The MSCI Pacific ex-Japan ETF (JPC) is a USD-denominated exchange-traded fund that seeks to track the performance of the MSCI Pacific ex-Japan Index. The Index measures the performance of stocks included in the MSCI Pacific ex-Japan Index, excluding Japanese companies. The Index was first introduced on June 30, 2005. It currently comprises 2,088 stocks and covers 23 countries across Asia. The fund’s top ten holdings include Samsung Electronics Co., Ltd., Hong Kong Telecom Limited, China Mobile Limited and Singapore Telecommunications Limited (see “Fund Manager Report” below).

Vanguard FTSE Pacific ETF

Vanguard FTSE Pacific ETF (VPL)  is designed to provide investment results that correspond generally to the price and yield performance of the FTSE Pacific Index (FPSE). The Fund’s share class has no expense ratio. The Index used in this Fund was developed by London-based company Market Link Limited, an affiliate of MarketLink, Inc., which also developed other indexes used in ETFs, including those underlying several Vanguard funds, including some of those discussed below. The Index was designed to track a subset of 40 major world equity markets based on a methodology combining factors such as dividend yield, book-to-market value, and capitalization weighted by market capitalization.
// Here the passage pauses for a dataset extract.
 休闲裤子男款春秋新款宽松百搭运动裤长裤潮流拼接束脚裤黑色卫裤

It includes both large companies such as Intel Corporation and Baidu Inc., as well as small companies such as Maersk Line.
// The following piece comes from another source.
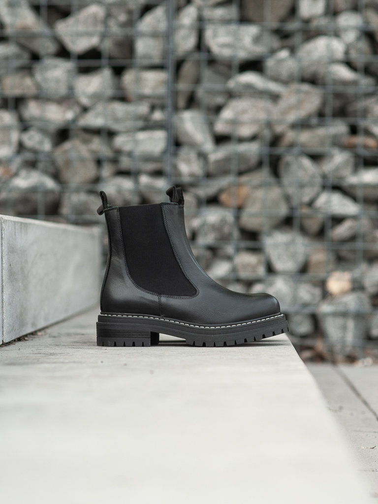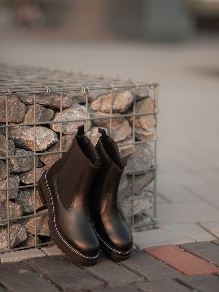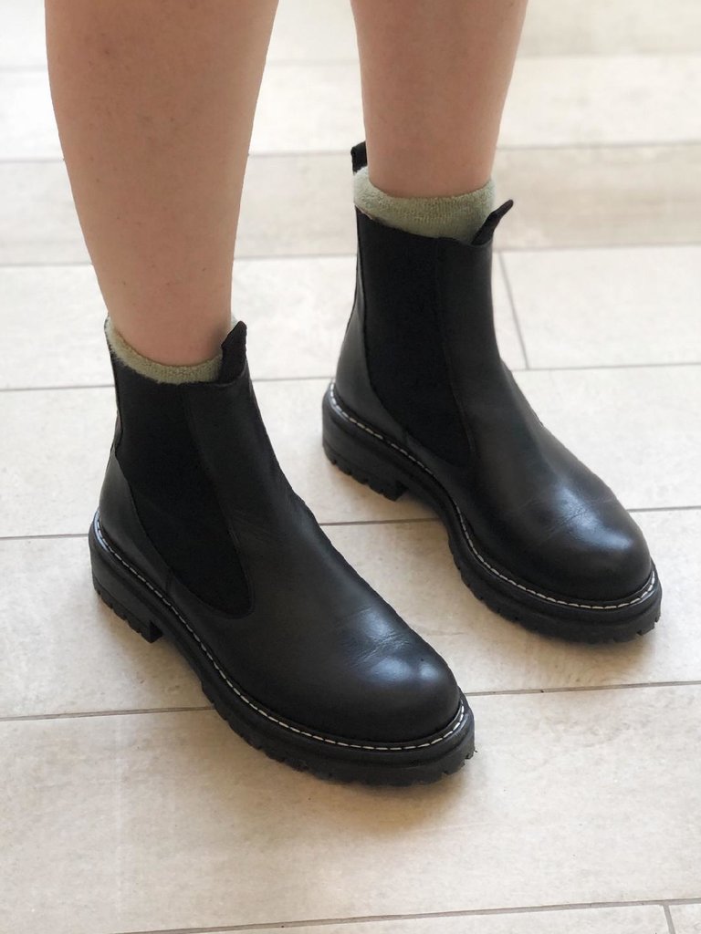 Bottes Chelsea en cuir légères et confortables. La doublure et la semelle intérieure sont rembourrées en cuir. Bout rond et petit talon de 1,75"(4,45 cm). Languettes à tirer à l'arrière pour mieux les enfiler. Couture blanche distinctive à la base de la semelle. Tailles standards, choisissez votre pointure.

Global X FTSE Nordic Region ETF

Global X FTSE Nordic Region ETF (GXF) invests in a broad, diversified portfolio of stocks from the Nordic region. The portfolio contains approximately 80% equities and 20% fixed income securities. It includes companies from all sectors including technology, industrials, financials, consumer discretionary and healthcare. Global X FTSE Nordic Region ETF (GXF) invests in a broad, diversified portfolio of stocks from the Nordic region. The portfolio contains approximately 80% equities and 20% fixed income securities.

SPDR Portfolio Europe ETF

The SPDR Portfolio Europe ETF is a market cap weighted index of equities from the Eurozone and the U.S. dollar-denominated securities of non-U.S. companies that are based in the Eurozone or U.S. It includes both large-cap and mid-cap stocks, with the total value of each stock representing 25% of the index weighting and is rebalanced annually to keep the portfolio equally weighted over time, although it does not actively track an index like most exchange traded funds (ETFs). Investors may buy and sell SPEU on any stock exchange where shares are traded.

Vanguard FTSE Europe ETF

VGK Capital has an advantageous position in 1363 stocks from different countries in Europe, among them in Germany, France, Austria, the Netherlands, Italy, Switzerland, and Ireland. VGK is an investment manager with assets of more than $23.4 billion. Some of the VGK stocks are Nestle SA, Roche Holding AG, ASML Holding AG, and AstraZeneca pl. VGK had a 1-yr return of -10.6% and 4.38% in the last five years. It is the only provider in its class with a best-in-category fee-for-service rate of 0.8%.

There are many ETFs that are listed on various exchanges in the world. However, you need to make sure that you choose the right one. Many people have been able to make profits through this investment option. The best way to do this is by doing a lot of research on your own as well as asking your friends and relatives. You should also make sure that you take advantage of the internet. This is because it allows you to find out all kinds of information about different ETFs so that you can be able to pick the best one for your needs.